"They say the next big thing is here,
that the revolution's near,
but to me it seems quite clear
that it's all just a little bit of history repeating."
- From the song "History Repeating," by The Propellerheads featuring Shirley Bassey
"We will not go down this road again if there is any way I can prevent it at all. There's some real lessons to be learned in this. Protocols will certainly be tightened up as a result of it."
That sounds like Justice Minister Tom Marshall commenting on the resignation of former judge Don Singleton, doesn't it?
Singleton was compelled to give up his plum provincial court judgeship this week before he'd even had time to don his court robes, when it was discovered he hadn't disclosed a 1990 drunk-driving conviction on his record. Two other DUI charges from the late 1980s did not result in convictions; one was dismissed, the other withdrawn.
He'd only held the job since Dec. 23 and hadn't even heard any cases - he was supposed to take his place on the bench in Grand Falls-Windsor on Feb. 9.
Singleton did disclose that he was convicted in 2005 for illegally buying duty-free alcohol, even though he received an absolute discharge in that case, which means the conviction doesn't appear on his criminal record.
Because the judicial council that vets applicants for provincial court judgeships doesn't routinely check the criminal records of judicial candidates, Singleton's failure to disclose his 1990 conviction might never have been discovered if journalists hadn't been interested in the well-known Tory supporter's appointment to provincial court.
CBC reporter David Cochrane was the first to break the news. As a result, criminal record checks will become a routine part of the judicial vetting process now that the so-called "honour system" has been shown not to work so well, particularly if a candidate's honour is debatable.
And the quote at the beginning of this column?
While it may sound like something you'd have expected the justice minister to say in light of the Singleton controversy, those words were actually uttered by the then-innovation minister, Kathy Dunderdale, in October 2005 after the media discovered flaws in other government protocols where the public should have been able to reasonably expect that due diligence was being done.
In that case, The Telegram's Rob Antle had revealed several instances where simple background checks on companies that received government aid would have shown they had dubious reputations, if the government had bothered to do its homework.
In the wake of the newspaper's revelations, the government beefed up its background checks of firms looking for grants or attempting to qualify for government incentive programs.
Then, as in the Singleton affair, it was the diligence of the media which prompted procedural reform.
And then, as now, it was patently obvious that this government needs to work harder at getting its ducks in a row.
"Mr. Singleton's professional abilities and his life experience make him well suited for his new role as a judge of the provincial court," Justice Minister Tom Marshall said in the Dec. 23 news release announcing the appointment.
"I have every confidence that he will exercise sound judgment in the cases that appear before him."
Given Singleton's failure to disclose his drunk-driving conviction, I'm not sure I'd agree with Marshall that he was "well-suited" to be a judge, despite his protestations that the criminal conviction merely slipped his mind. Surely anyone with a penchant for handing out justice would have remembered their own brushes with the system.
And did we mention the fact that Singleton has only been a lawyer for 11 years? According to the provincial government, 10 years' experience is enough to become a judge. Here at The Telegram, that amount of service will just about get you four weeks' vacation.
What is passing strange about the Danny Williams administration is its determination to act hastily based on poor information, and its inability to make wise choices based on good information and sound recommendations.
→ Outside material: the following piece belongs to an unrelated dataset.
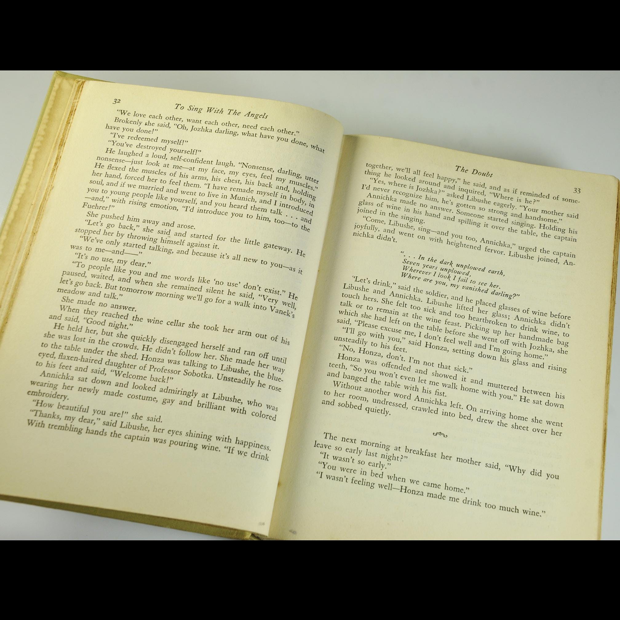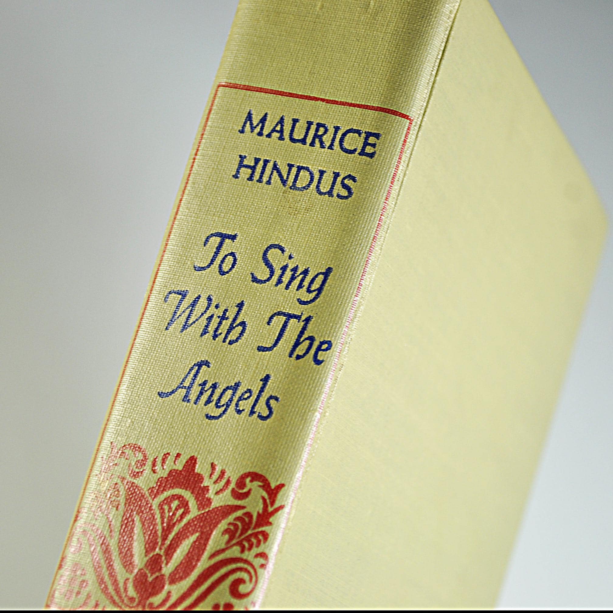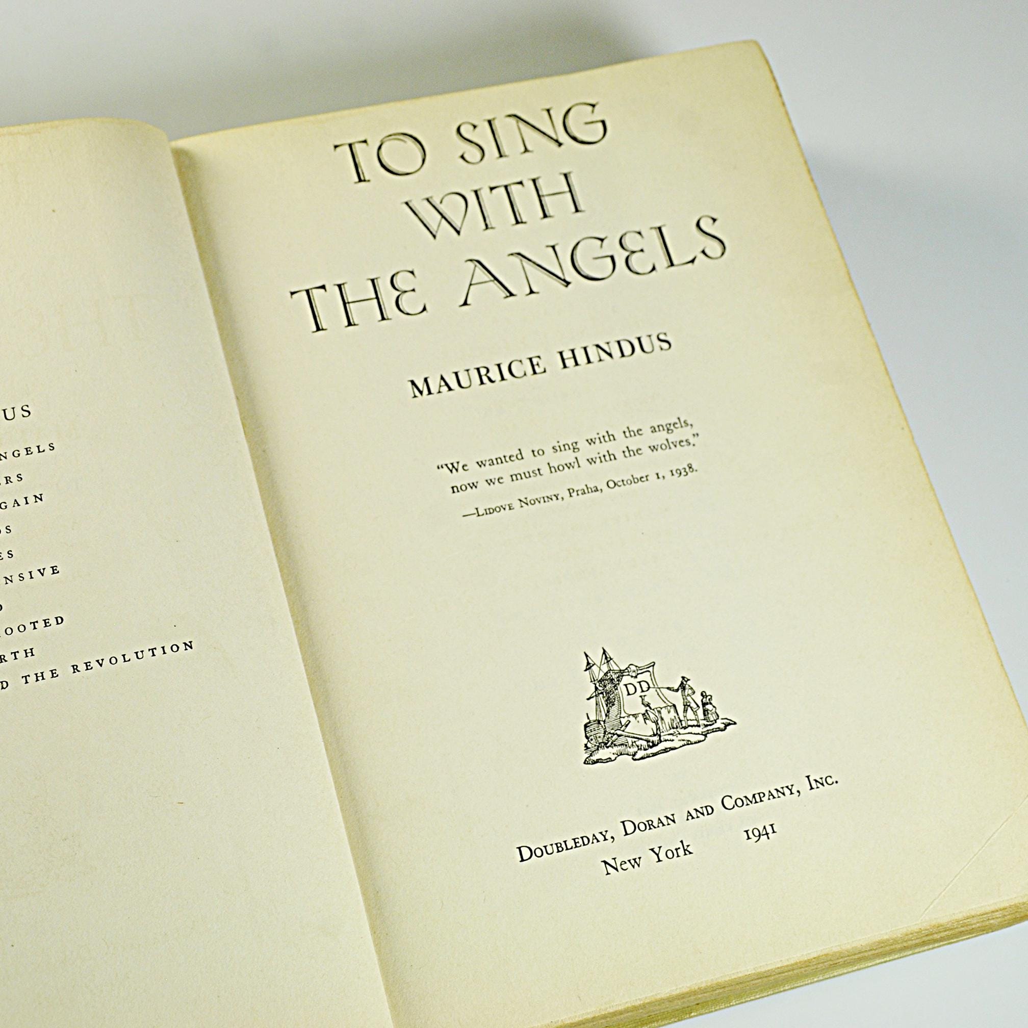 Here’s a piece of history from 1941 — To Sing With the Angels by Maurice Hindus, published by Doubleday, Doran & Company just before America entered World War II. Hindus, a Russian-born American writer, was known for explaining the human side of Soviet life to readers in the West. This book looks deeply into what happens when people lose faith in the ideals, they once believed in. It’s thoughtful, a little haunting, and written with that clear, earnest tone common to the early 1940s. The title itself comes from a Czech newspaper quote: “We wanted to sing with the angels, now we must howl with the wolves.” That line tells you what kind of story this is — one of ideals tested by the hard truth of war and politics. This is a first edition, published in 1941. The tan cloth cover is sturdy, with blue and red lettering on the spine. A wonderful read or display piece for anyone who collects wartime writing, early 20th century political commentary, or vintage Doubleday first editions.

Funny thing is, the outcome of all these choices is the same: embarrassment.
In 2004, the government entered into a joint-venture agreement with a Sino Energy consortium to possibly develop the Lower Churchill, and The Telegram discovered the company had been sanctioned by the U.S. State Department for potentially violating chemical and biological weapons laws.
In 2008, the government refuses the recommendation of the presidential search committee at Memorial University - raising questions about university autonomy - and winds up damaging the reputation of MUN which, incidentally, continues to be run quite ably in an acting capacity by one of the very presidential candidates the government rejected.
In 2009, the government appoints a judge without thoroughly checking his references, and now finds itself looking for another candidate.
Does anyone see a pattern here?
In November, in announcing the province's new "have" status, Danny Williams boasted that the era of Newfie jokes was now past us.
Sadly, given this latest blunder, it seems his government is intent on perpetuating them.